→ WHAT YOU WILL DO: Repeat the lines below exactly as they appear, but leave out the images.

━━━ DATA SUPPLIED

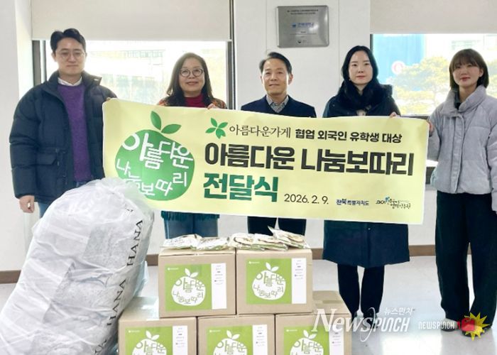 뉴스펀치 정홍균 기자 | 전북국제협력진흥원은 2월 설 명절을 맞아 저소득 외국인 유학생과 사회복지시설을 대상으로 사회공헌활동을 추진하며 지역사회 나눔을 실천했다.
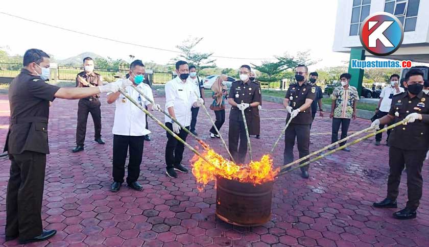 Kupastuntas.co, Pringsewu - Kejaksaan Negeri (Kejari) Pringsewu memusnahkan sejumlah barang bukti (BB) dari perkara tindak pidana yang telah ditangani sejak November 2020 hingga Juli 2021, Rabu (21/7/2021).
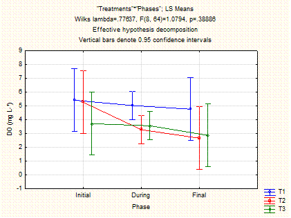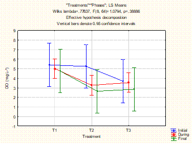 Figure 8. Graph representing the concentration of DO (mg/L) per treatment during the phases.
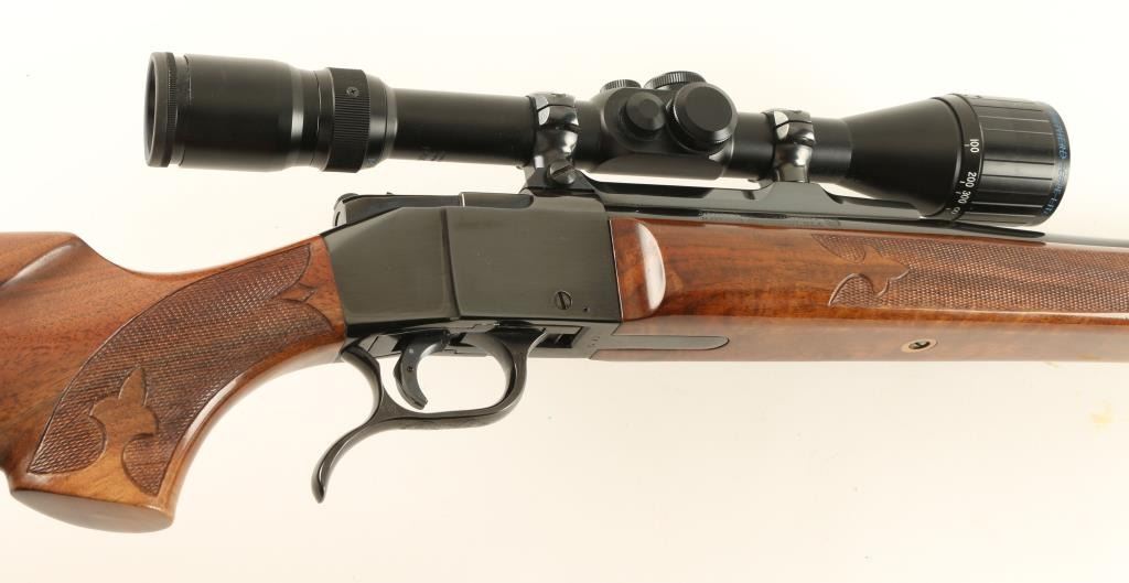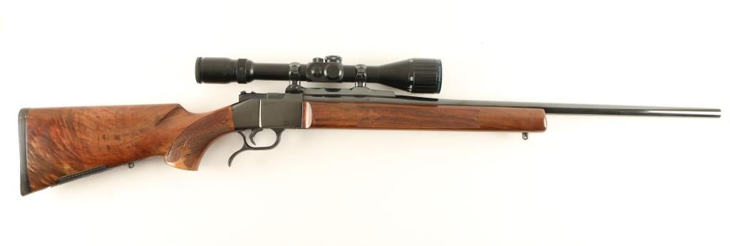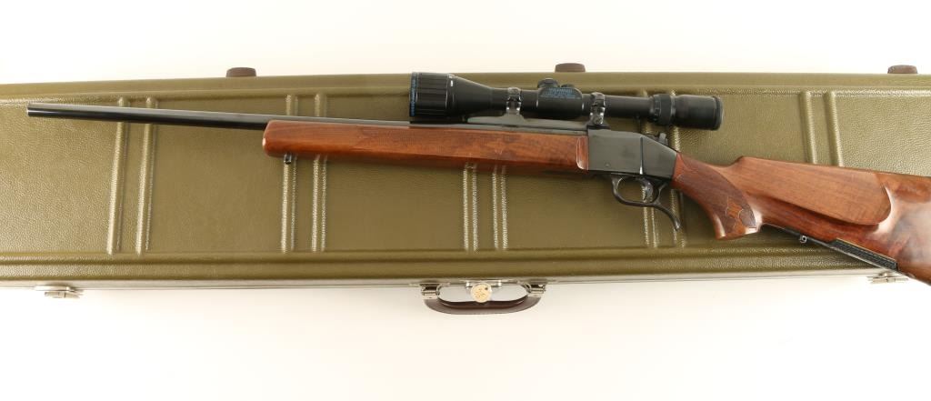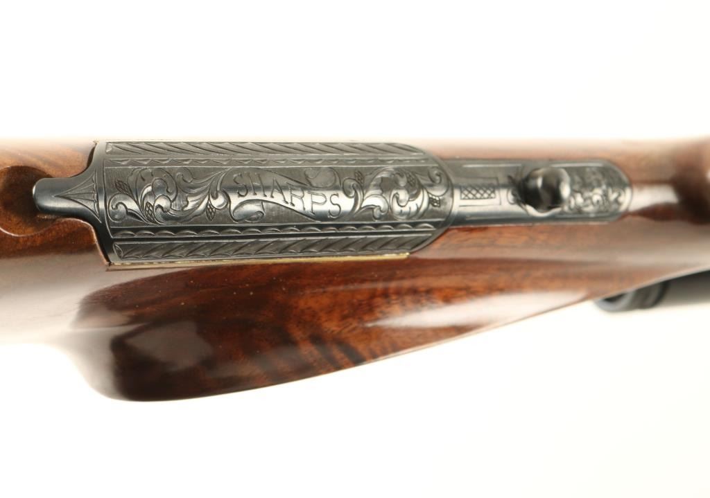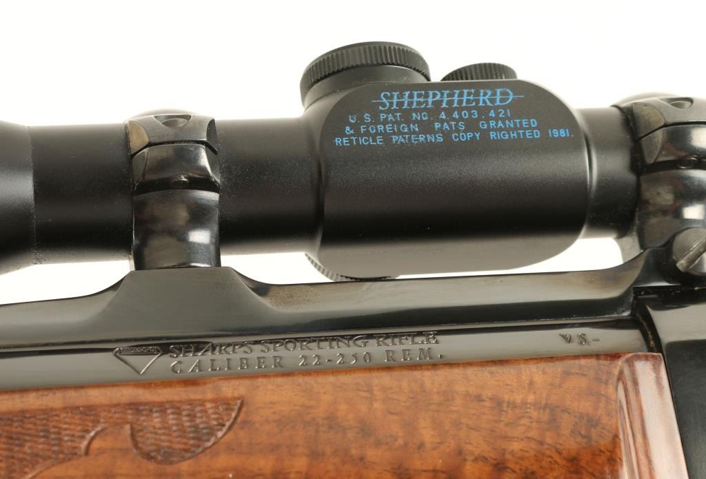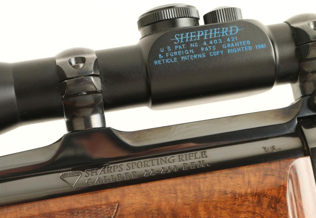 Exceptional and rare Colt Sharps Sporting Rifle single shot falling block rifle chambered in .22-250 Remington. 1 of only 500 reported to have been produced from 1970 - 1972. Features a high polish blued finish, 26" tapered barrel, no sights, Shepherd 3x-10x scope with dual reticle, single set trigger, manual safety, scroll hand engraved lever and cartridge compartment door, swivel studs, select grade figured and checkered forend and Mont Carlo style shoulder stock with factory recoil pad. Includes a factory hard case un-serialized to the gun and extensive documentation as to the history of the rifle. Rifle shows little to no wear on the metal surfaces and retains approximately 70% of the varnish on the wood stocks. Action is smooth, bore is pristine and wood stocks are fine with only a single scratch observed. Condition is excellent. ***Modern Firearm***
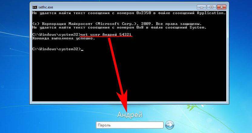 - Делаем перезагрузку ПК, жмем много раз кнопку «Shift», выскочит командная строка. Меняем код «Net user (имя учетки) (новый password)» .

━━━━━━

→ REPLY TO THE TASK:
 뉴스펀치 정홍균 기자 | 전북국제협력진흥원은 2월 설 명절을 맞아 저소득 외국인 유학생과 사회복지시설을 대상으로 사회공헌활동을 추진하며 지역사회 나눔을 실천했다.
 Kupastuntas.co, Pringsewu - Kejaksaan Negeri (Kejari) Pringsewu memusnahkan sejumlah barang bukti (BB) dari perkara tindak pidana yang telah ditangani sejak November 2020 hingga Juli 2021, Rabu (21/7/2021).
 Figure 8. Graph representing the concentration of DO (mg/L) per treatment during the phases.
 Exceptional and rare Colt Sharps Sporting Rifle single shot falling block rifle chambered in .22-250 Remington. 1 of only 500 reported to have been produced from 1970 - 1972. Features a high polish blued finish, 26" tapered barrel, no sights, Shepherd 3x-10x scope with dual reticle, single set trigger, manual safety, scroll hand engraved lever and cartridge compartment door, swivel studs, select grade figured and checkered forend and Mont Carlo style shoulder stock with factory recoil pad. Includes a factory hard case un-serialized to the gun and extensive documentation as to the history of the rifle. Rifle shows little to no wear on the metal surfaces and retains approximately 70% of the varnish on the wood stocks. Action is smooth, bore is pristine and wood stocks are fine with only a single scratch observed. Condition is excellent. ***Modern Firearm***
 - Делаем перезагрузку ПК, жмем много раз кнопку «Shift», выскочит командная строка. Меняем код «Net user (имя учетки) (новый password)» .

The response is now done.